▶ ASSIGNMENT
Restate all entries word for word, minus pictures.

▶ ENTRIES SUPPLIED
• • • •
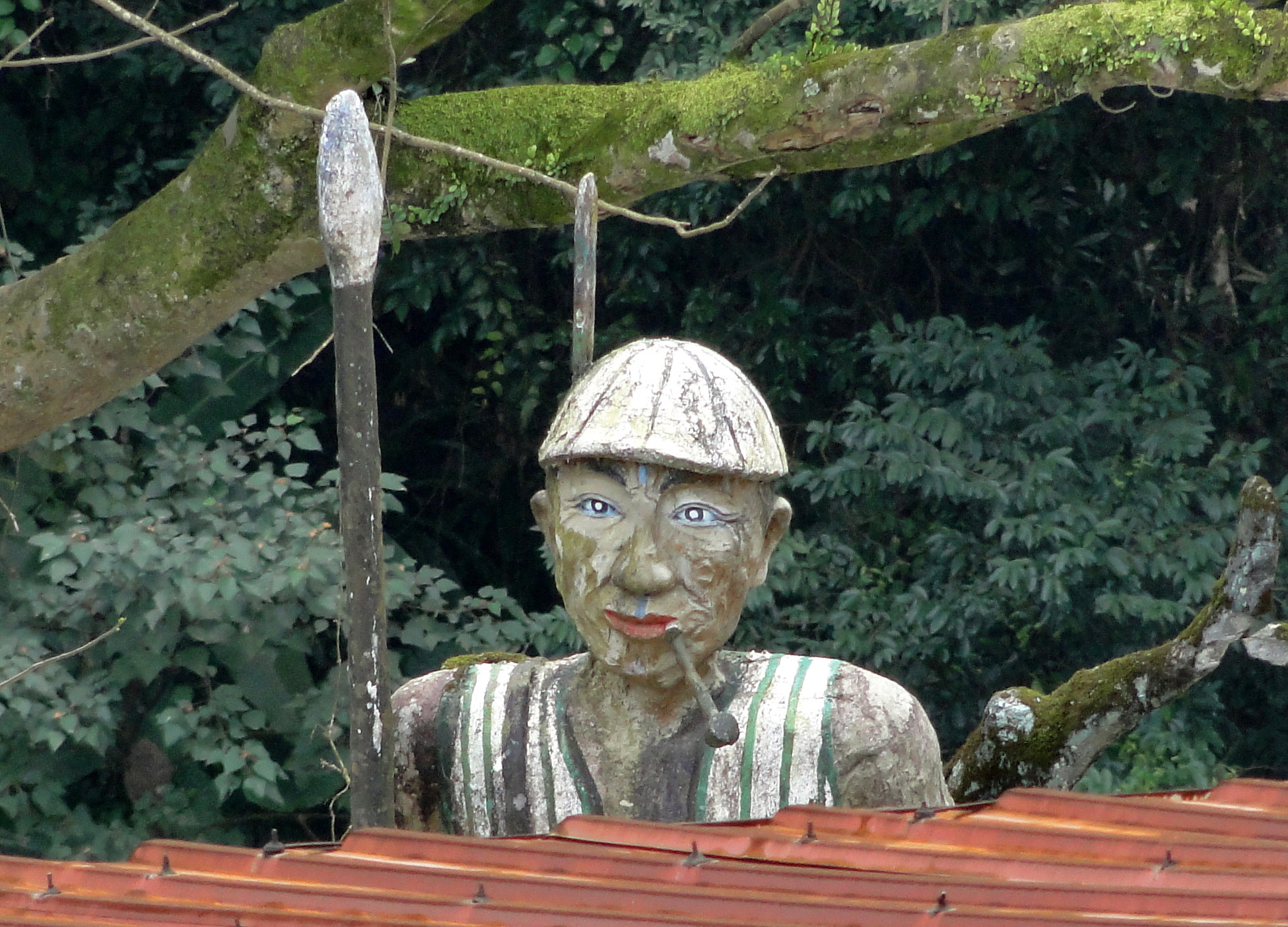 Atayal sculpture in the village of Wulai, Taiwan
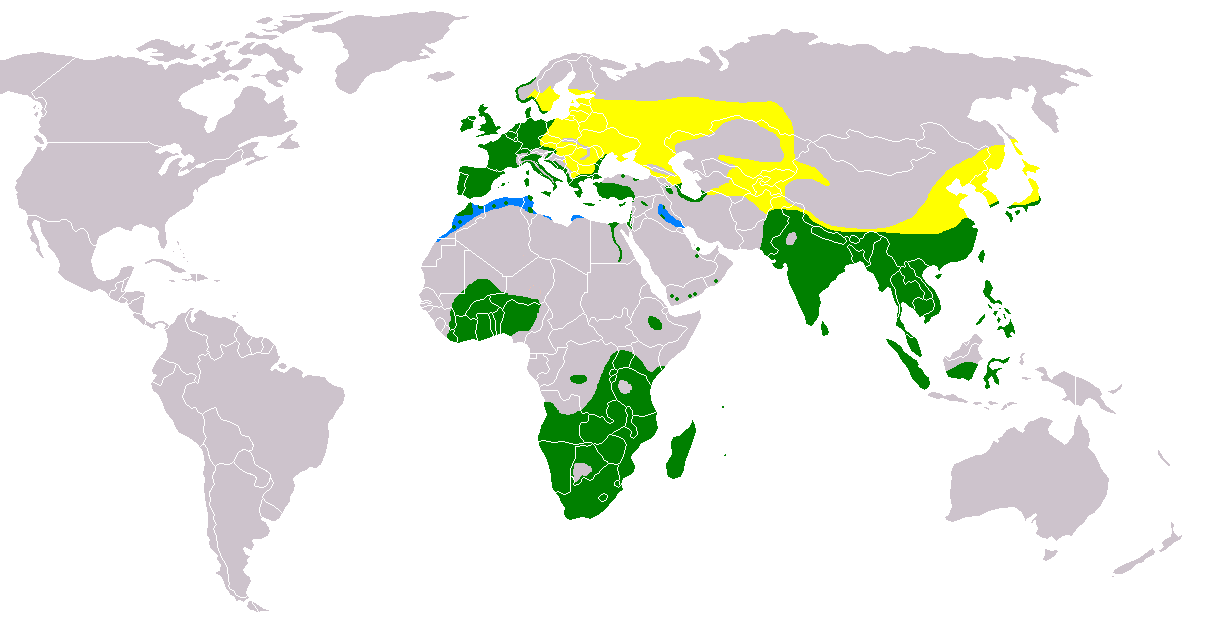 Gallinula chloropus world distribution map based on data from Handbook of the Birds of the World (del Hoyo et al.), Birds of the Western Palearctic (Snow et al.), and regional field guides; updated with split of G. galeata (Americas; formerly included in G. chloropus). Yellow: breeding summer visitor Green: breeding resident Blue: non-breeding winter visitor
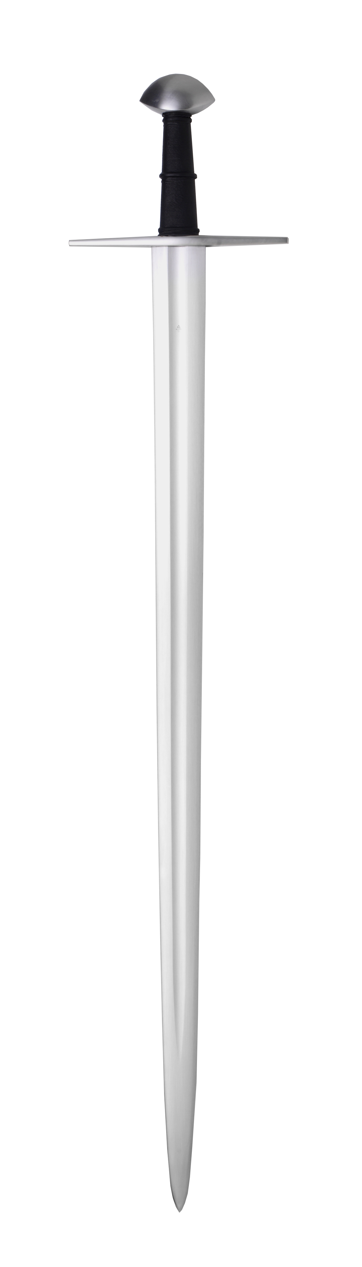 Replica of a viking or early medieval sword with spike-hilt (gaddhjalt) and brazil-nut-shaped pommel; Gaddhjalt Limited Edition by Albion Swords.
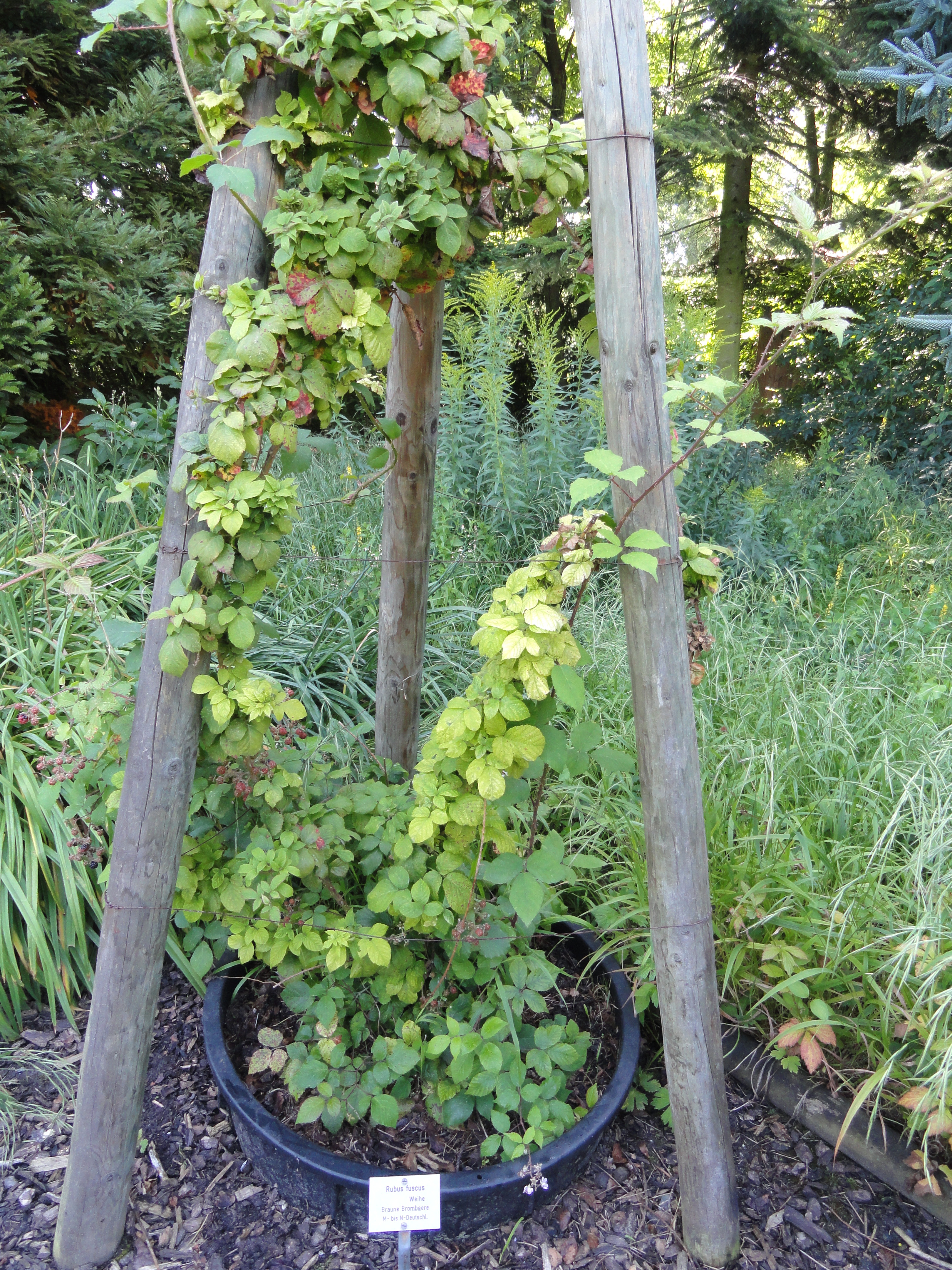 Botanical specimen in the Botanischer Garten, Frankfurt am Main, located at Siesmayerstraße 72, Frankfurt am Main, Germany.
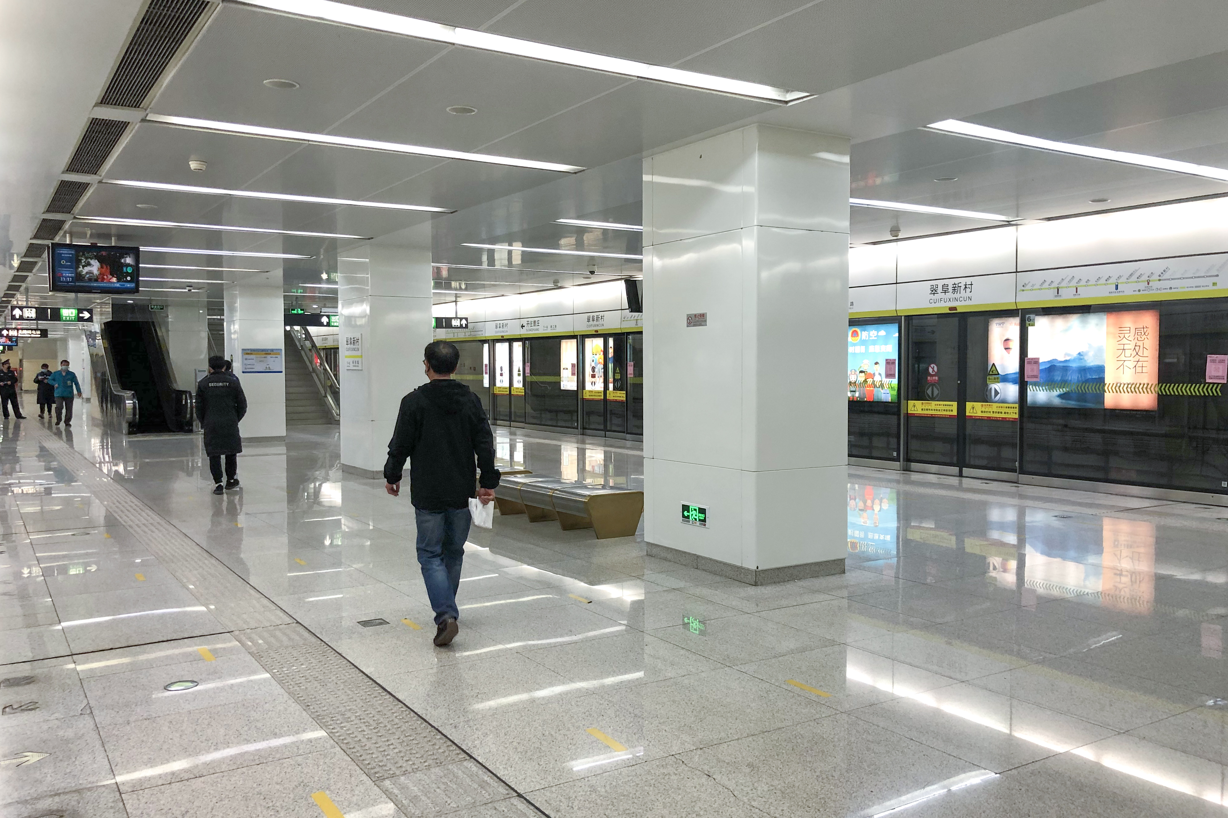 Just one of the by-products of my An-225 hunt...
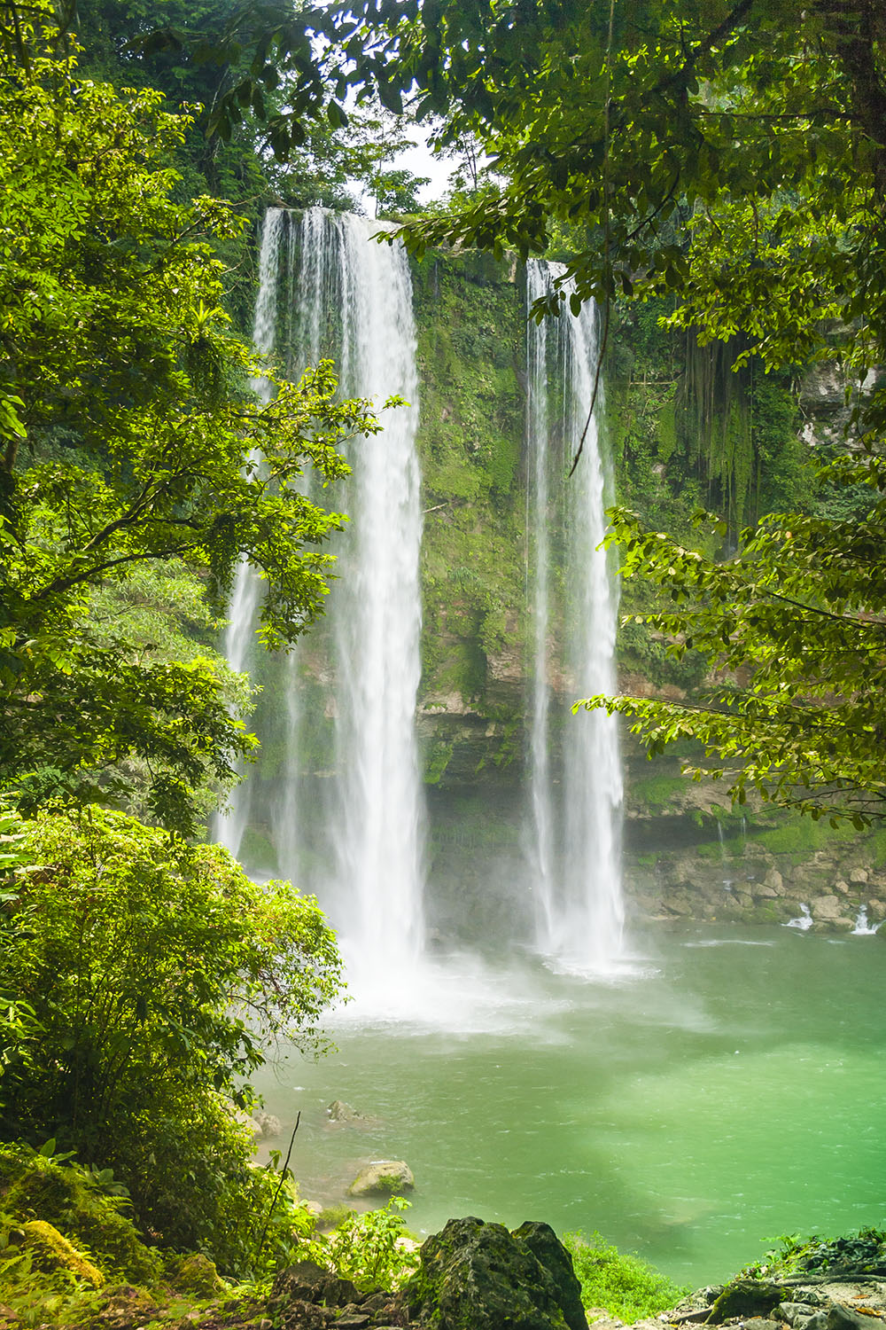 Misol.ha waterfall
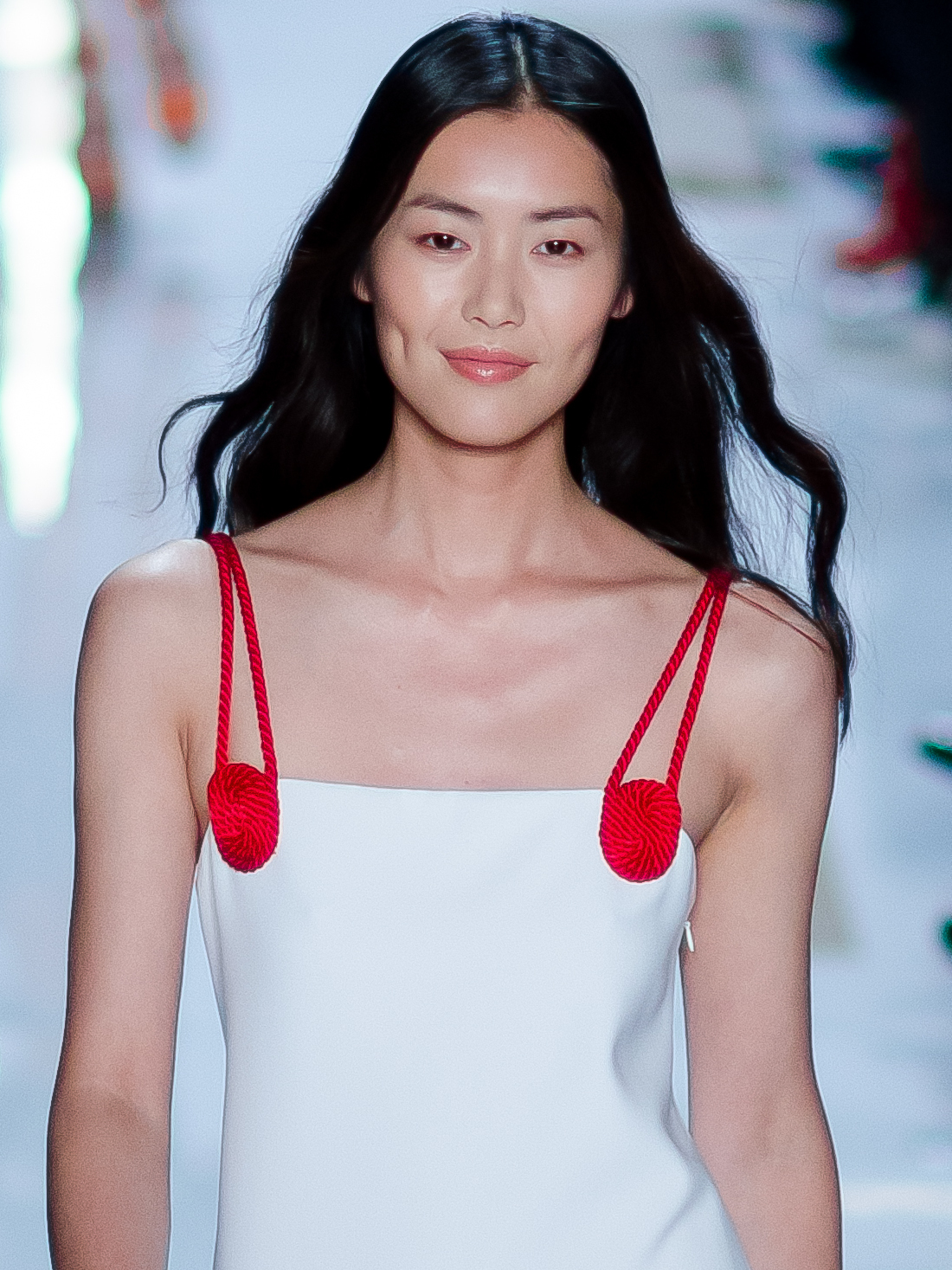 Liu Wen walks the runway at the Diane von Fürstenberg Spring/Summer 2014 show at New York Fashion Week, September 2013.
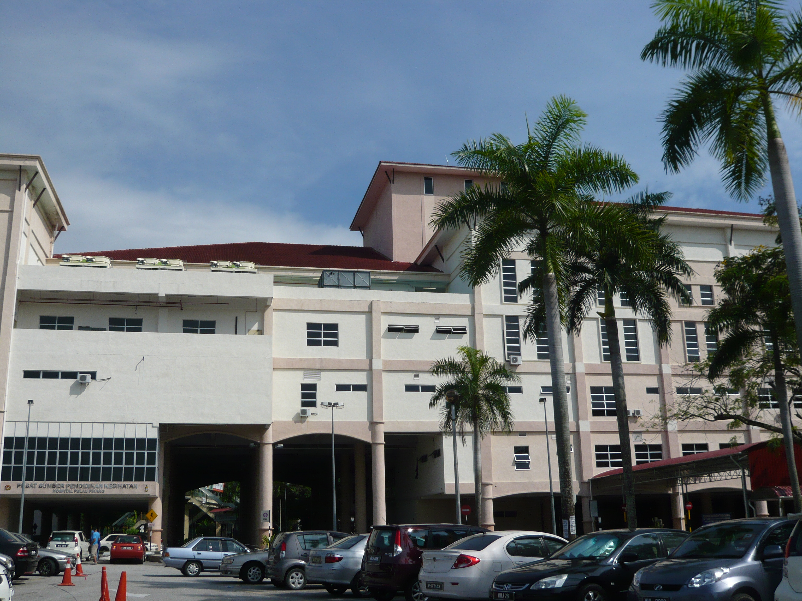 pg hospital
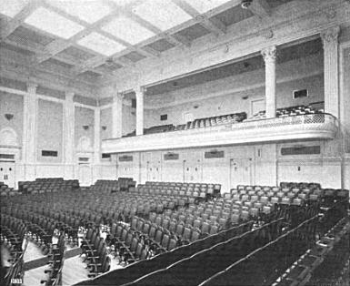 Interior, Chickering Hall, Boston (built 1901)
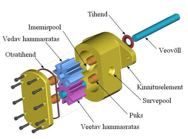 Estonian version of image: Gear pump exploded.png Eestikeelne versioon pildist: Gear_pump_exploded.png
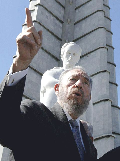 Fidel Castro, at the Monument to José Martí, Havana, Cuba.
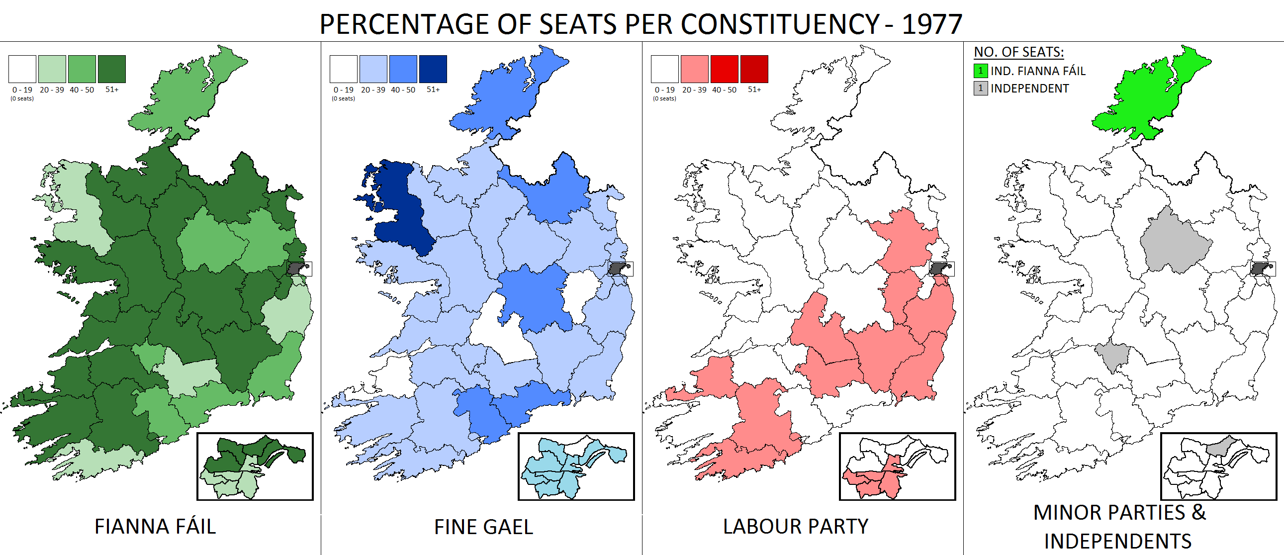 Graphical representation of the 1977 Irish general election results. Created by myself using data from Wikipedia and literary sources.
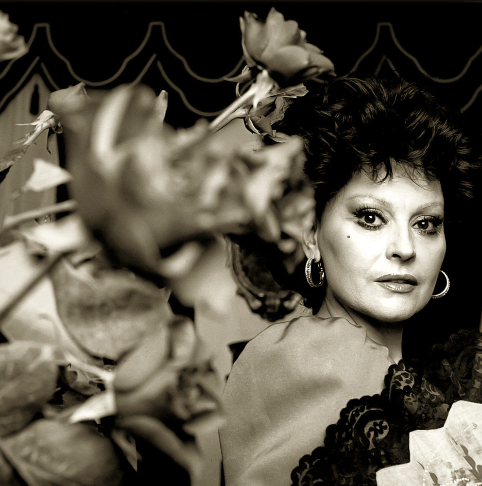 Angela Luce portrait
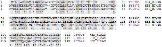 An alignment of human hemoglobin alpha, beta, and delta from Uniprot.
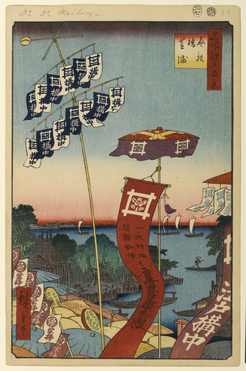 Part of the series One Hundred Famous Views of Edo, no. 080, part 3: Autumn.
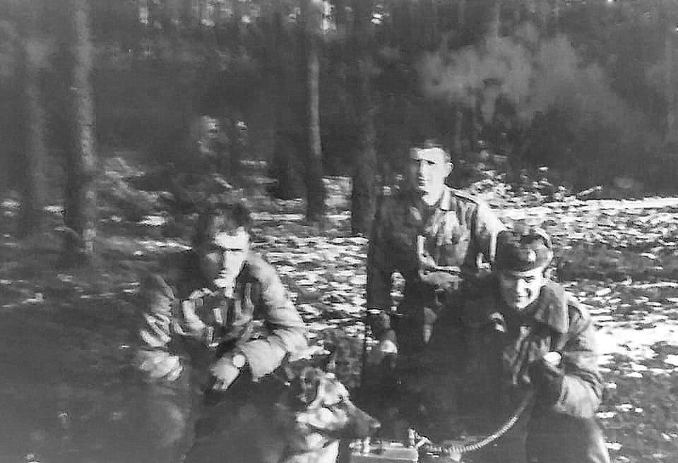 Border Protection Forces in Olszyna
• • • •
▶ RESPONSE AREA
 Atayal sculpture in the village of Wulai, Taiwan
 Gallinula chloropus world distribution map based on data from Handbook of the Birds of the World (del Hoyo et al.), Birds of the Western Palearctic (Snow et al.), and regional field guides; updated with split of G. galeata (Americas; formerly included in G. chloropus). Yellow: breeding summer visitor Green: breeding resident Blue: non-breeding winter visitor
 Replica of a viking or early medieval sword with spike-hilt (gaddhjalt) and brazil-nut-shaped pommel; Gaddhjalt Limited Edition by Albion Swords.
 Botanical specimen in the Botanischer Garten, Frankfurt am Main, located at Siesmayerstraße 72, Frankfurt am Main, Germany.
 Just one of the by-products of my An-225 hunt...
 Misol.ha waterfall
 Liu Wen walks the runway at the Diane von Fürstenberg Spring/Summer 2014 show at New York Fashion Week, September 2013.
 pg hospital
 Interior, Chickering Hall, Boston (built 1901)
 Estonian version of image: Gear pump exploded.png Eestikeelne versioon pildist: Gear_pump_exploded.png
 Fidel Castro, at the Monument to José Martí, Havana, Cuba.
 Graphical representation of the 1977 Irish general election results. Created by myself using data from Wikipedia and literary sources.
 Angela Luce portrait
 An alignment of human hemoglobin alpha, beta, and delta from Uniprot.
 Part of the series One Hundred Famous Views of Edo, no. 080, part 3: Autumn.
 Border Protection Forces in Olszyna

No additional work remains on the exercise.